[Start of section]
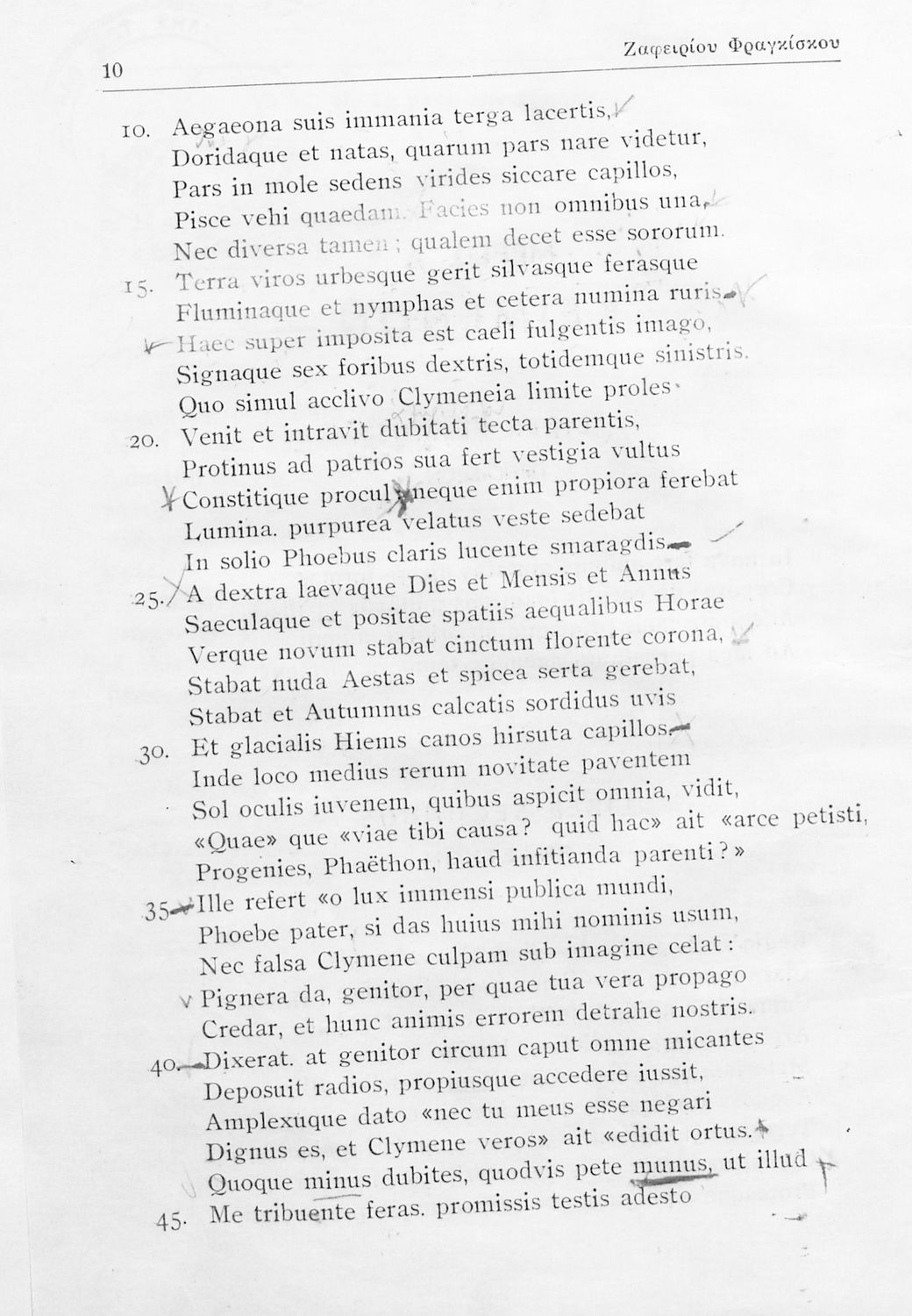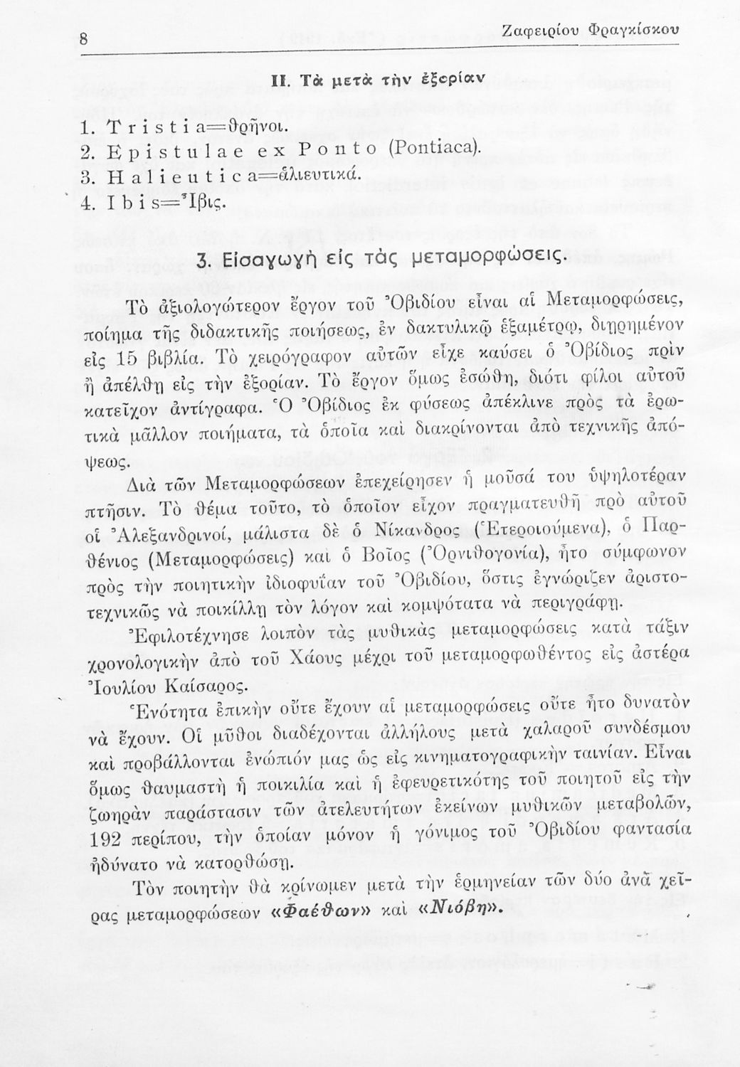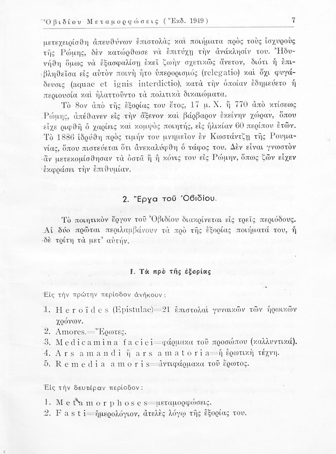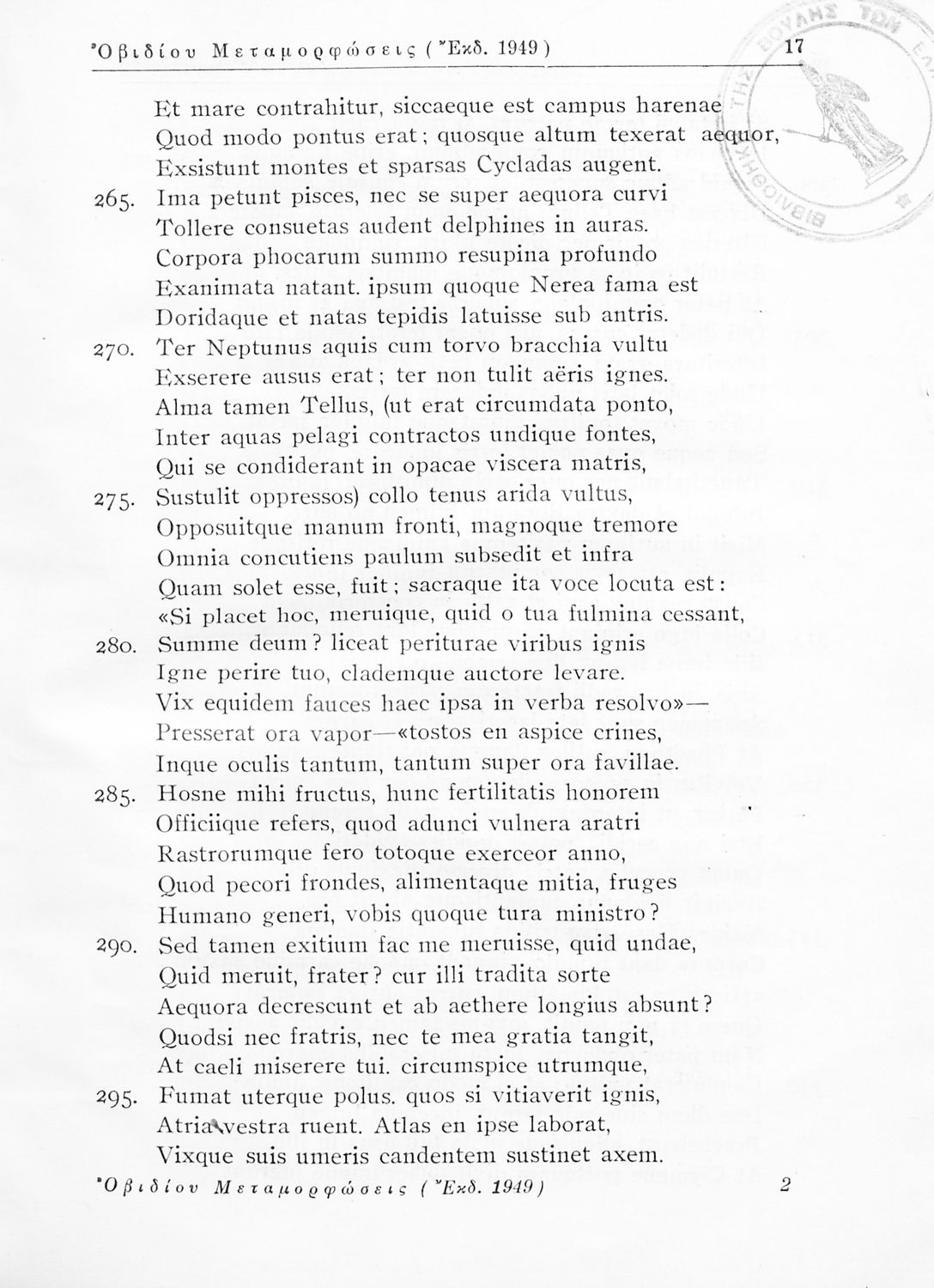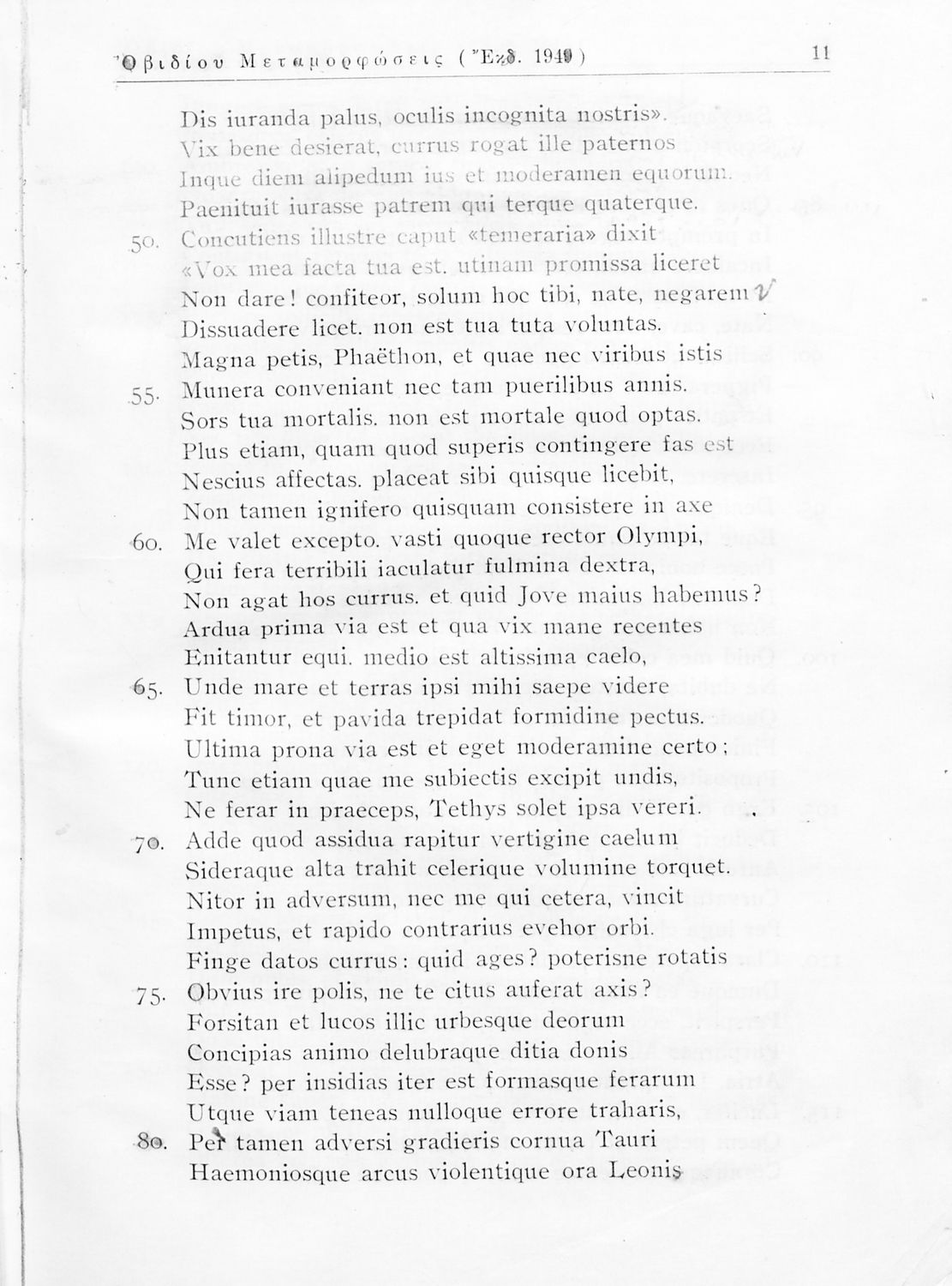 Σχολικό εγχειρίδιο Λατινικών για τους μαθητές της Ε΄ Γυμνασίου. Περιέχει τις “Μεταμορφώσεις” του Οβιδίου, “Φαίδων” και “Νιόβη” καθώς και γλωσσική και ερμηνευτική ανάλυση των κειμένων.
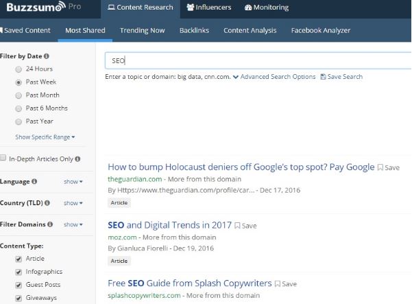 Typing “SEO” into the search bar should present you with a list of trending SEO content alongside their social media engagement, number of links and total shares. You can also filter each search by date, country and content type (for example, article, guest post).
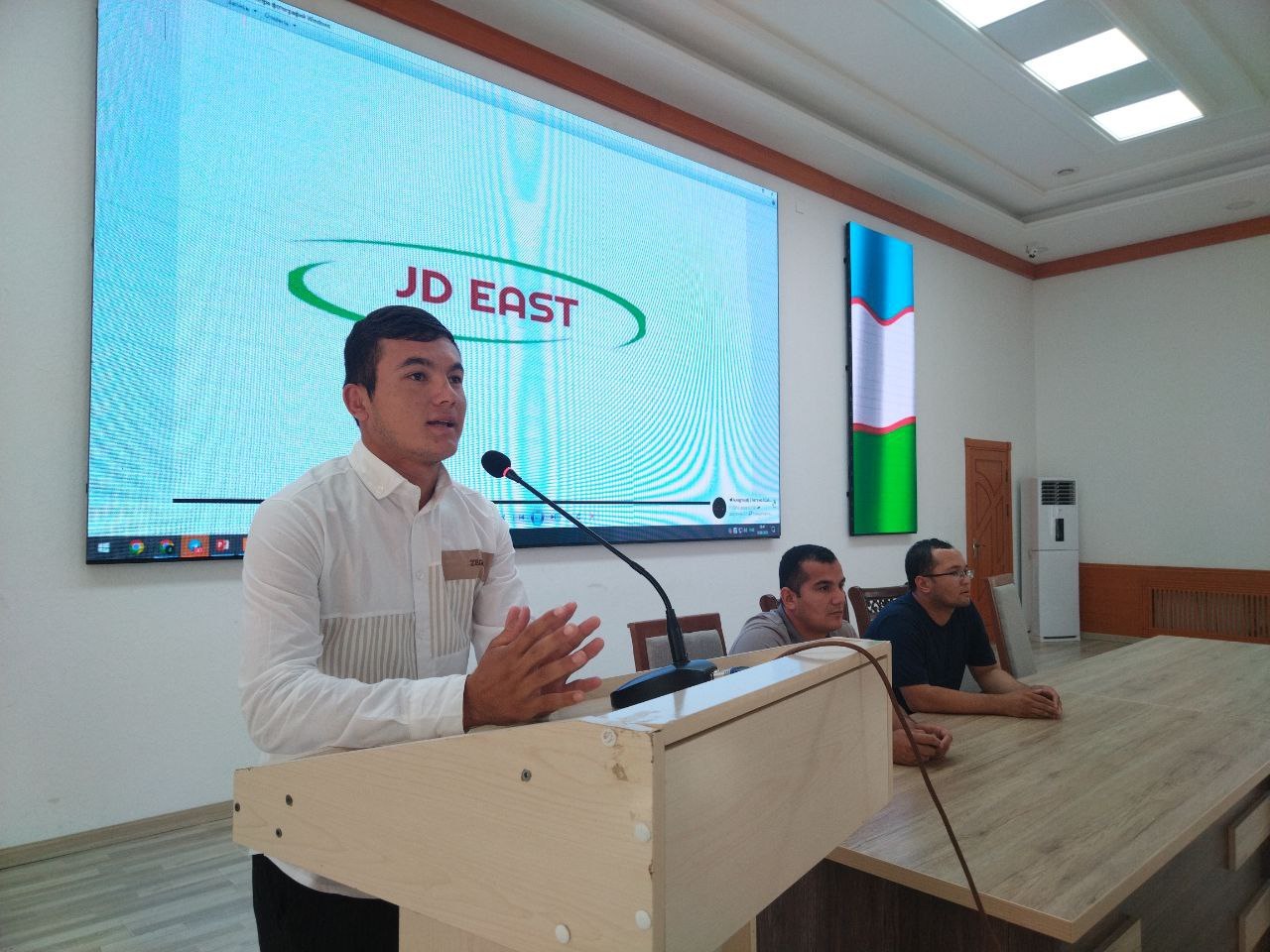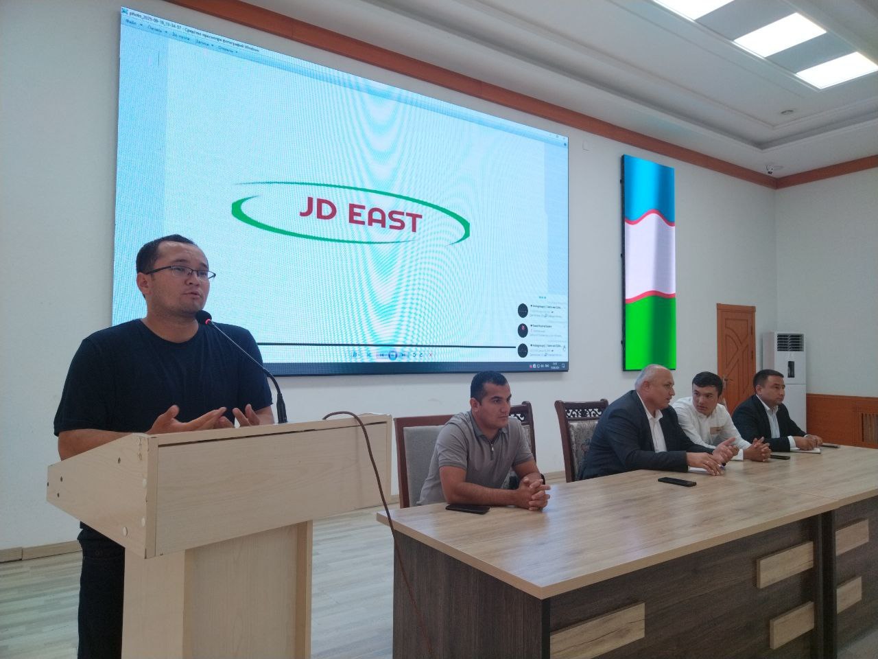 📌 Tadbir davomida “JD East” firmasi vakillari hamda ushbu dastur bo’yicha amaliyot o’tab kelgan fakultet talabasi Sodiqov Sirojiddin tomonidan talabalarga xorijiy davlatlarda ish va amaliyot dasturlari haqida batafsil ma’lumotlar berildi.
[End of section]
== WHAT TO WORK ON ==
What is needed is a word-for-word restatement of the lines from the one holding "article, guest post)." to the final line of the data above, inclusive, without any pictures.

== SOLVED EXERCISE ==
 Typing “SEO” into the search bar should present you with a list of trending SEO content alongside their social media engagement, number of links and total shares. You can also filter each search by date, country and content type (for example, article, guest post).
 📌 Tadbir davomida “JD East” firmasi vakillari hamda ushbu dastur bo’yicha amaliyot o’tab kelgan fakultet talabasi Sodiqov Sirojiddin tomonidan talabalarga xorijiy davlatlarda ish va amaliyot dasturlari haqida batafsil ma’lumotlar berildi.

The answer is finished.